The extra yield investors demand to own convertible bonds instead of government debt soared 489.4 basis points to a record 1,243.6 basis points, prices from the Tokyo Stock Exchange at 10:11 a.m. show.
Sharp has asked its lenders for a “back-up structure” to help the company raise long-term funds, Tetsuo Onishi, the senior managing director in charge of accounting, told reporters in Tokyo.
Sharp has 2 billion yen of bonds maturing later this month and about 200 billion yen of convertible bonds maturing in September 2013, according to data compiled by Bloomberg.
The prediction for further losses contrasts with Sony Corp.’s forecast of profit and Panasonic Corp.’s return to profit. Sony, the maker of Bravia TVs and PlayStation game machines reeling from four consecutive years of losses, reduced its full-year forecasts for net income, operating profit and sales yesterday, citing the slowing global economy and a stronger yen eroding its overseas earnings.

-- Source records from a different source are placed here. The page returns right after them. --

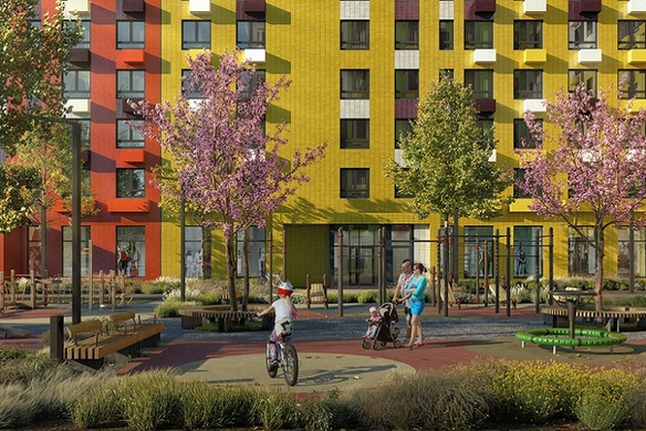 Обширная территория застраивается монолитными разновысотными многосекционными корпусами — фасадные решения для каждого индивидуальны. Входные группы с высокими потолками, подъездами на уровне земли и дизайнерским оформлением станут одной из визитных карточек нового микрорайона.
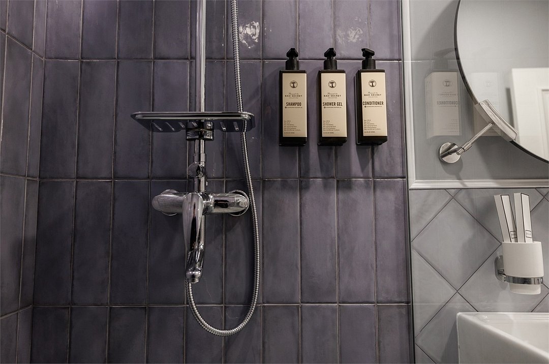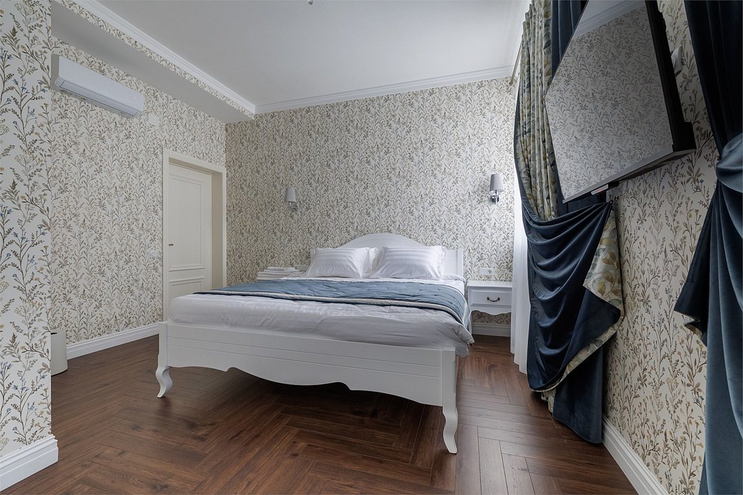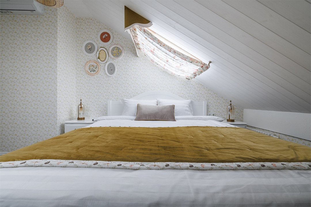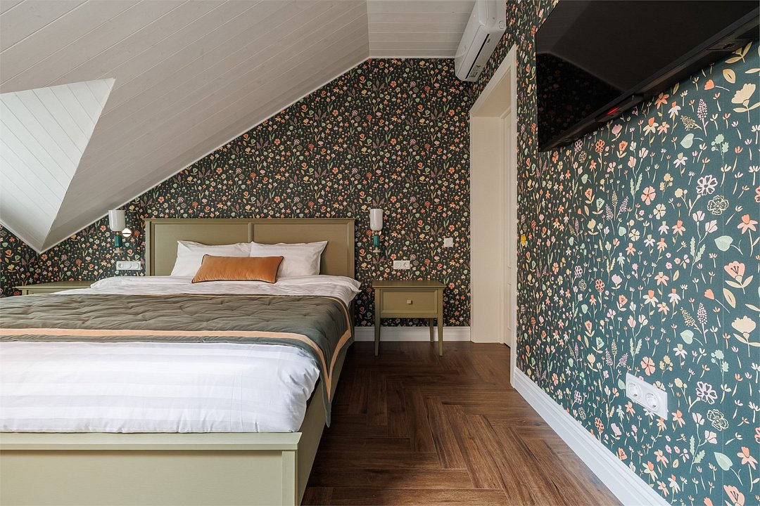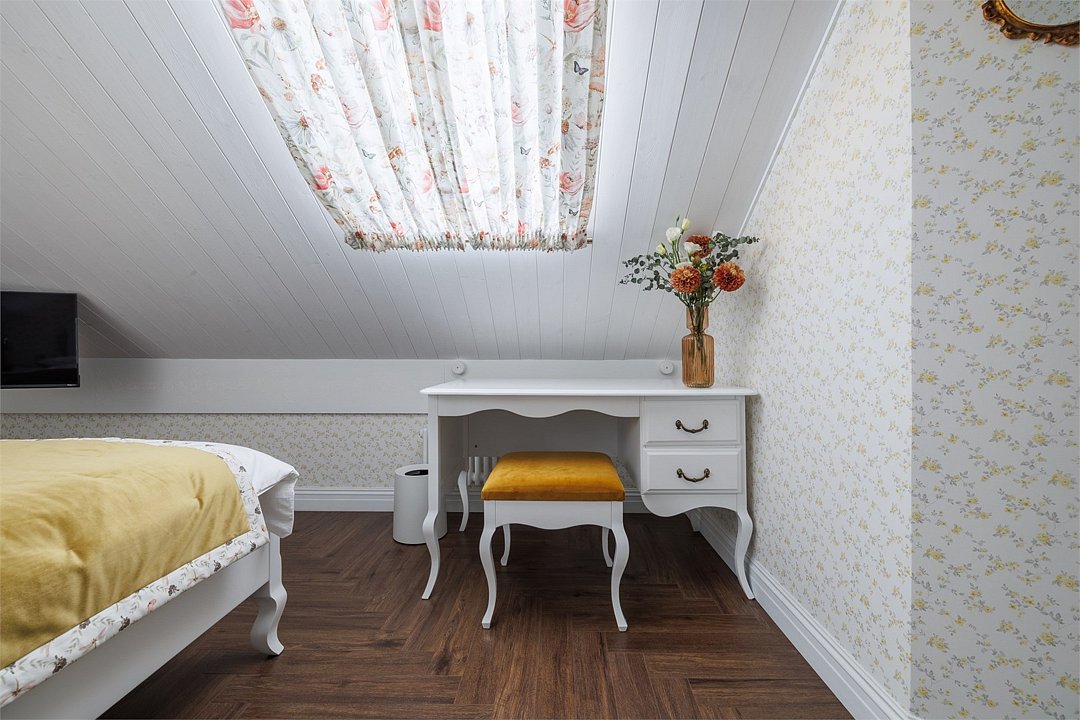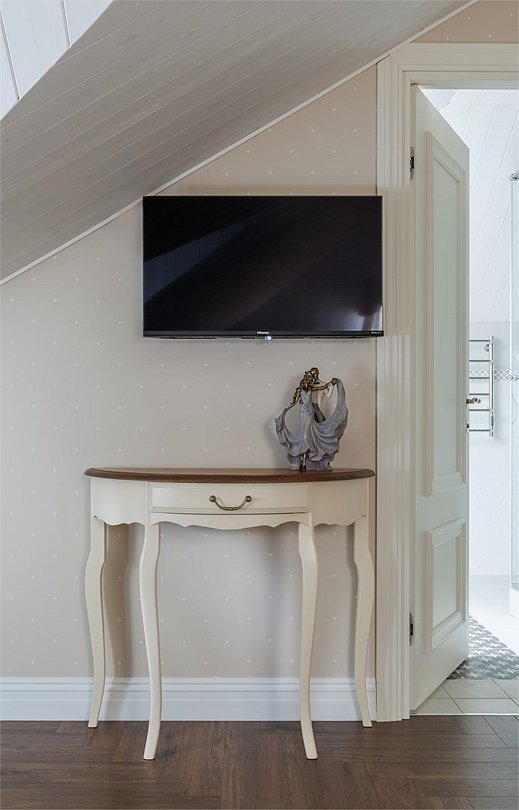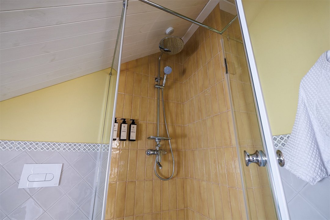 телевизор, Wi-Fi, кондиционер, светильник, фен, душевая кабина, банные принадлежности, халаты, банные полотенца, тапочки, косметические средства, кровать «Queen size», тумбы, зеркало, эксклюзивная мебель, унитаз, раковина, отопление, вид на город, паркет, стул, туалетный столик, москитная сетка, мансардные окна, телевизор со Smart TV, номер для некурящих, уборка номера, туалетные принадлежности премиум-класса, бутилированная вода, шапочка для душа, мылоВ гостиничном номере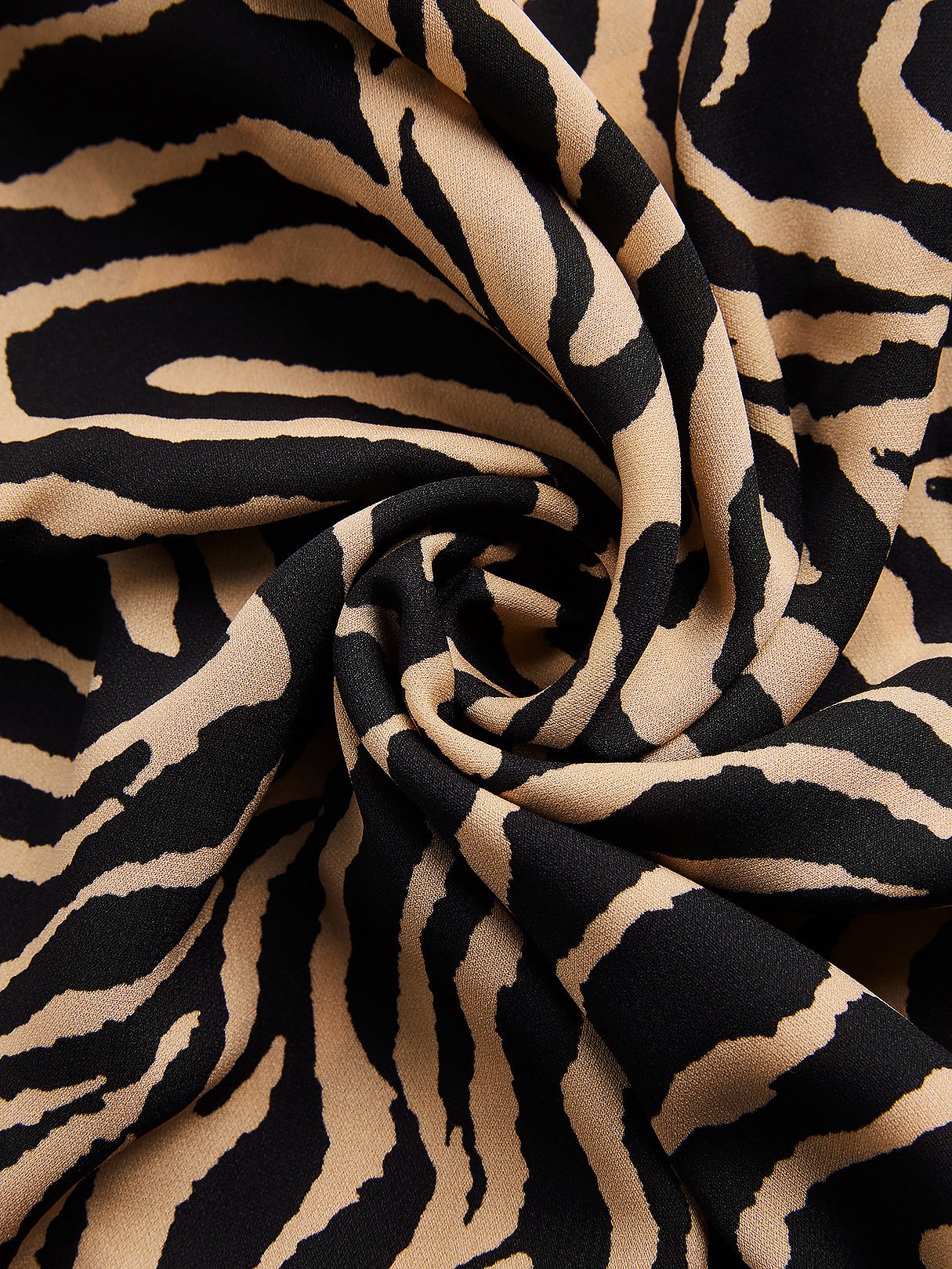 Coffee V-Neck Cold Shoulder Zebra Printed Bowknot Dresses

“I can’t be bullish on the Japanese consumer electronics makers,” said Ichiro Takamatsu, a fund manager at Tokyo-based Bayview Asset Management Co., which manages $2 billion. “I don’t see any promising products enough to spur their sales.”
Samsung Electronics Co., the world’s biggest TV maker, said last month that net income in the quarter ended June was 5.19 trillion won ($4.6 billion).
Sharp, which also makes solar cells, said it will implement its first workforce reduction since 1950. Restructuring expense drove the company to forecast a net loss eight times greater than its own projection of a 30 billion-yen loss three months ago. The loss outlook compares with the average 65.3 billion-yen loss estimate of 16 analysts compiled by Bloomberg.
“We’re in a situation where we can’t avoid taking job cuts and I’m torn up inside,” said Takashi Okuda, who became Sharp’s president in April. “Fixed costs weigh really heavy when sales are falling.”
Sharp’s bigger rivals, Sony and Panasonic, are already restructuring and shedding jobs.
Sony, which unveiled a plan in April to reduce 10,000 jobs this fiscal year, reduced its staffing at marketing units in developed countries and at its headquarters in the quarter ended June 30, spokesman Shiro Kambe said yesterday. Osaka-based Panasonic reduced 36,000 jobs in the year ended March 31.
Sharp promoted Okuda, 58, to replace Mikio Katayama, who became chairman, after predicting the worst loss in its 100-year history amid slumping demand.